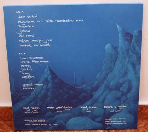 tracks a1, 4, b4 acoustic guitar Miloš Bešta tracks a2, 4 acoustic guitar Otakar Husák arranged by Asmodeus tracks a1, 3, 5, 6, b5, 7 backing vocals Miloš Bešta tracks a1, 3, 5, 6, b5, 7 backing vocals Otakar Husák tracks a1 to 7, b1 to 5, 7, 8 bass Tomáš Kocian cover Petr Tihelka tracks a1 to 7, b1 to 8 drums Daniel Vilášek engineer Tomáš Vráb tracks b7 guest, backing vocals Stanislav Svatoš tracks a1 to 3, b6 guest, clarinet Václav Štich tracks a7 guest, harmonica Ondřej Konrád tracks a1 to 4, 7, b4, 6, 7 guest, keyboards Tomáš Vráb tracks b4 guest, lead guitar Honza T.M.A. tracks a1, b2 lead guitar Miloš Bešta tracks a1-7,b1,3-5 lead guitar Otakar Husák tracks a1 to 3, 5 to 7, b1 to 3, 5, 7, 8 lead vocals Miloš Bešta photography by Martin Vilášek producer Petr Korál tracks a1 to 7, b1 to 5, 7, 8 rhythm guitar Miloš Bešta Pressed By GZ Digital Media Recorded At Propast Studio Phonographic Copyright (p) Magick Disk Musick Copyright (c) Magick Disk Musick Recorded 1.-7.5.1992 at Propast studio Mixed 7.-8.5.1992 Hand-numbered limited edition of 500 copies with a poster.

····················

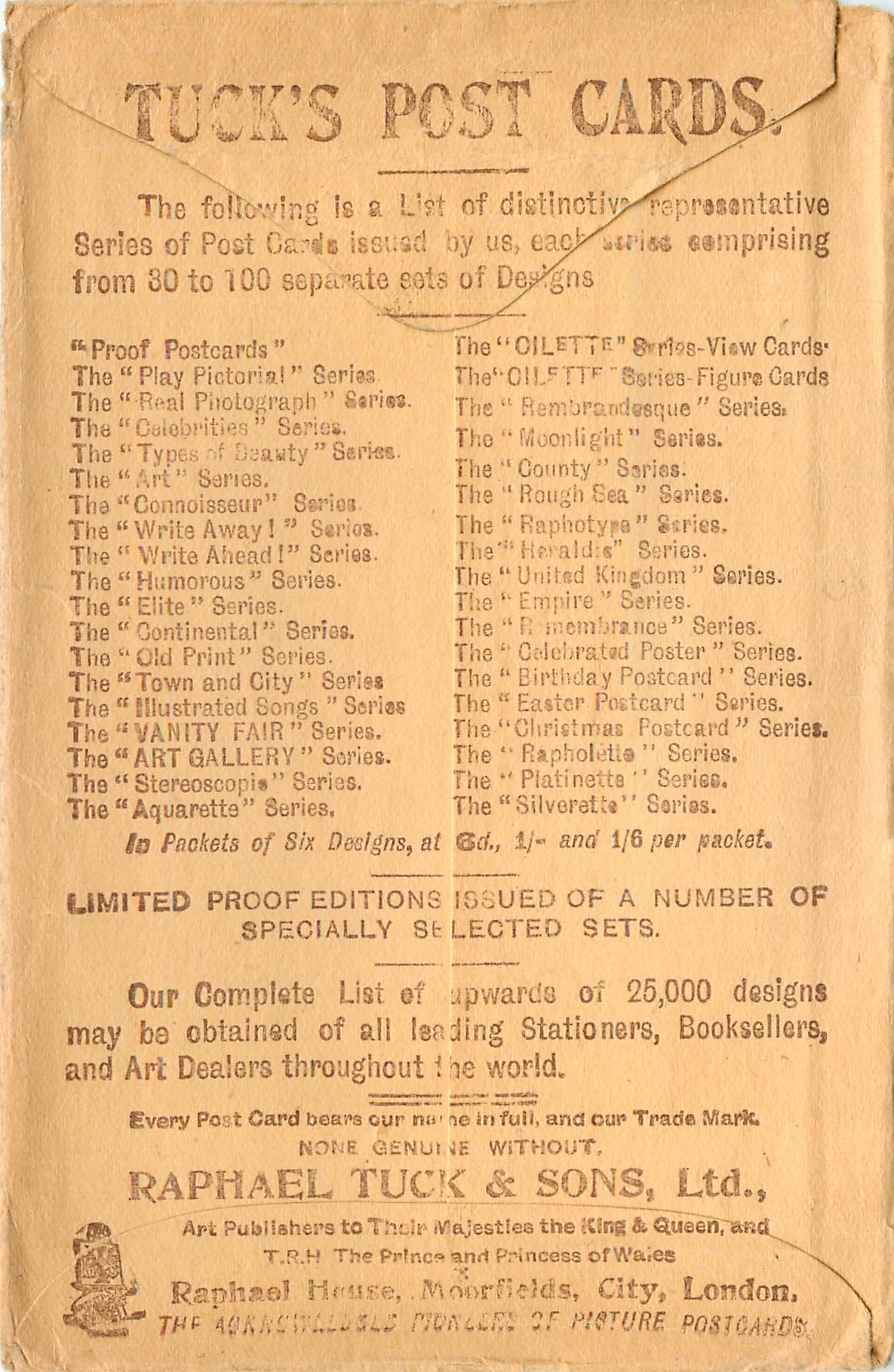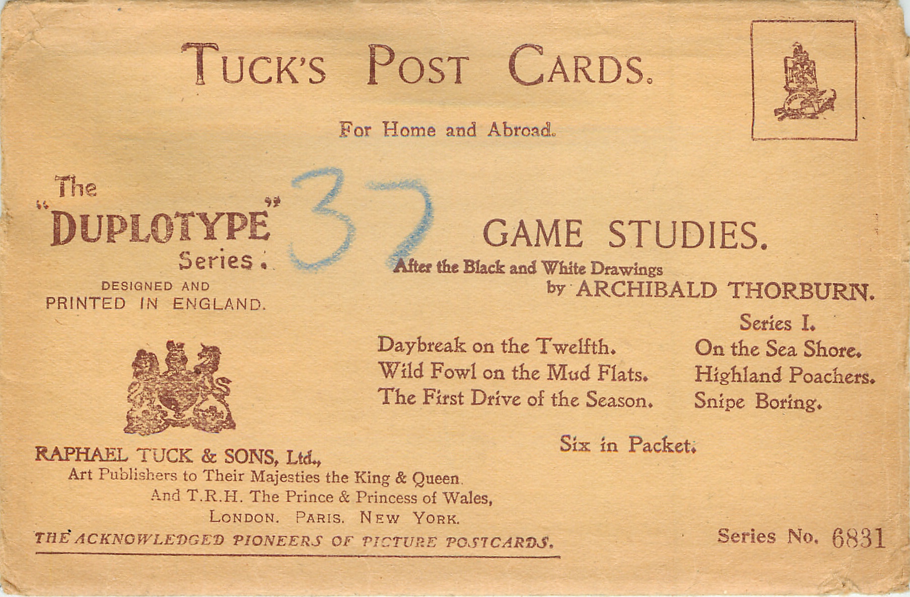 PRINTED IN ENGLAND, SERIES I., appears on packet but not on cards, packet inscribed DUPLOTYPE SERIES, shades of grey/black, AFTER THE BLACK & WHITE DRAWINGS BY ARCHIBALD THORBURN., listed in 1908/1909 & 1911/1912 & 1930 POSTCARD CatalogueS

····················

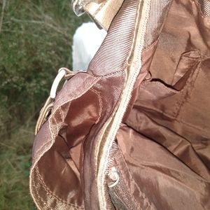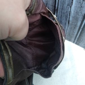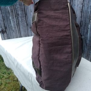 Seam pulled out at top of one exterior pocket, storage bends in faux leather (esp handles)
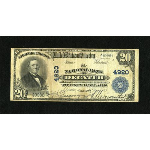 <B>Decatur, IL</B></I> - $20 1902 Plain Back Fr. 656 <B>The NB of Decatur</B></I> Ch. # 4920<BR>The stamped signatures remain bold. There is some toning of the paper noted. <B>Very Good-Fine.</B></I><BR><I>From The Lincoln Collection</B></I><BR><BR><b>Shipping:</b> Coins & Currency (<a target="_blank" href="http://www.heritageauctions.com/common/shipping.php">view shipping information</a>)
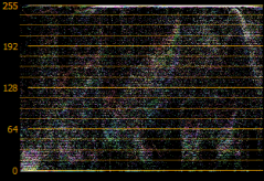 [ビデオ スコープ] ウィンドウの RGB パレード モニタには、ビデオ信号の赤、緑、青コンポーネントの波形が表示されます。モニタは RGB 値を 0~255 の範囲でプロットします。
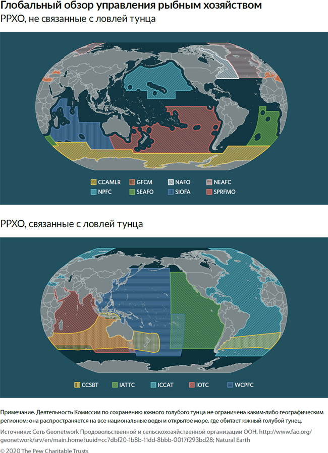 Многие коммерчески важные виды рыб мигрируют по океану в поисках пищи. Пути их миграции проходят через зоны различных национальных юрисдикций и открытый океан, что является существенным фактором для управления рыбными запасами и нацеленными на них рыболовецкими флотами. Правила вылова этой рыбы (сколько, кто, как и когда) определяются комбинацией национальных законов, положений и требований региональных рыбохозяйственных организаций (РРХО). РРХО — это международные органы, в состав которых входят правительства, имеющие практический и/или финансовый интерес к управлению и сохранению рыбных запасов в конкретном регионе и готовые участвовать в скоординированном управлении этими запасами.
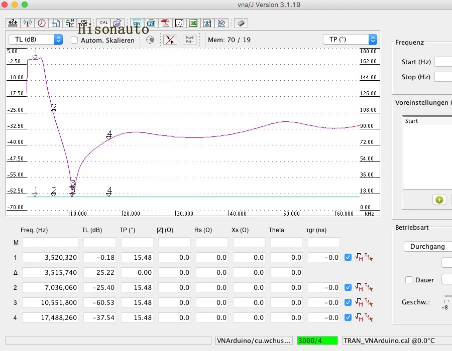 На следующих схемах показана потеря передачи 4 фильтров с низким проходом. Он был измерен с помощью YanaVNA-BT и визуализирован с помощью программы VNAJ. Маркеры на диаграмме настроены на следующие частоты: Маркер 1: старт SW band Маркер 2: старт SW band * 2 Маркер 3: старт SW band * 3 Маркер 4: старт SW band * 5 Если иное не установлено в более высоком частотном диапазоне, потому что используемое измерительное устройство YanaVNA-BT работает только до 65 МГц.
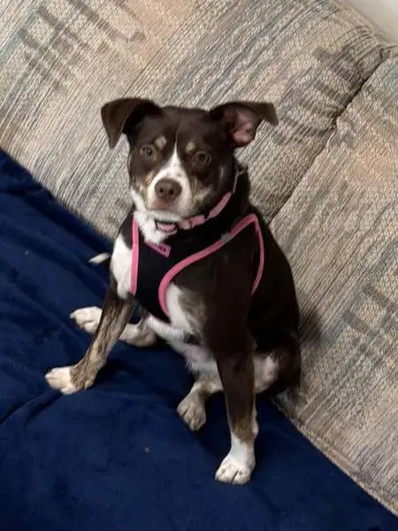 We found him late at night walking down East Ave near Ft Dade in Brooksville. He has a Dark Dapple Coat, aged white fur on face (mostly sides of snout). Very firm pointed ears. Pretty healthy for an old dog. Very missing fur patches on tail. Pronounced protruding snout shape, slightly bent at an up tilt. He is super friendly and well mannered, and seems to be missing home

····················

Each line between the one holding "Seam pulled out" and the one holding "[ビデオ スコープ] ウィンドウの", inclusive, should be copied exactly as it appears above, and pictures should be omitted.

## RESPONSE TO THE EXERCISE
 Seam pulled out at top of one exterior pocket, storage bends in faux leather (esp handles)
 <B>Decatur, IL</B></I> - $20 1902 Plain Back Fr. 656 <B>The NB of Decatur</B></I> Ch. # 4920<BR>The stamped signatures remain bold. There is some toning of the paper noted. <B>Very Good-Fine.</B></I><BR><I>From The Lincoln Collection</B></I><BR><BR><b>Shipping:</b> Coins & Currency (<a target="_blank" href="http://www.heritageauctions.com/common/shipping.php">view shipping information</a>)
 [ビデオ スコープ] ウィンドウの RGB パレード モニタには、ビデオ信号の赤、緑、青コンポーネントの波形が表示されます。モニタは RGB 値を 0~255 の範囲でプロットします。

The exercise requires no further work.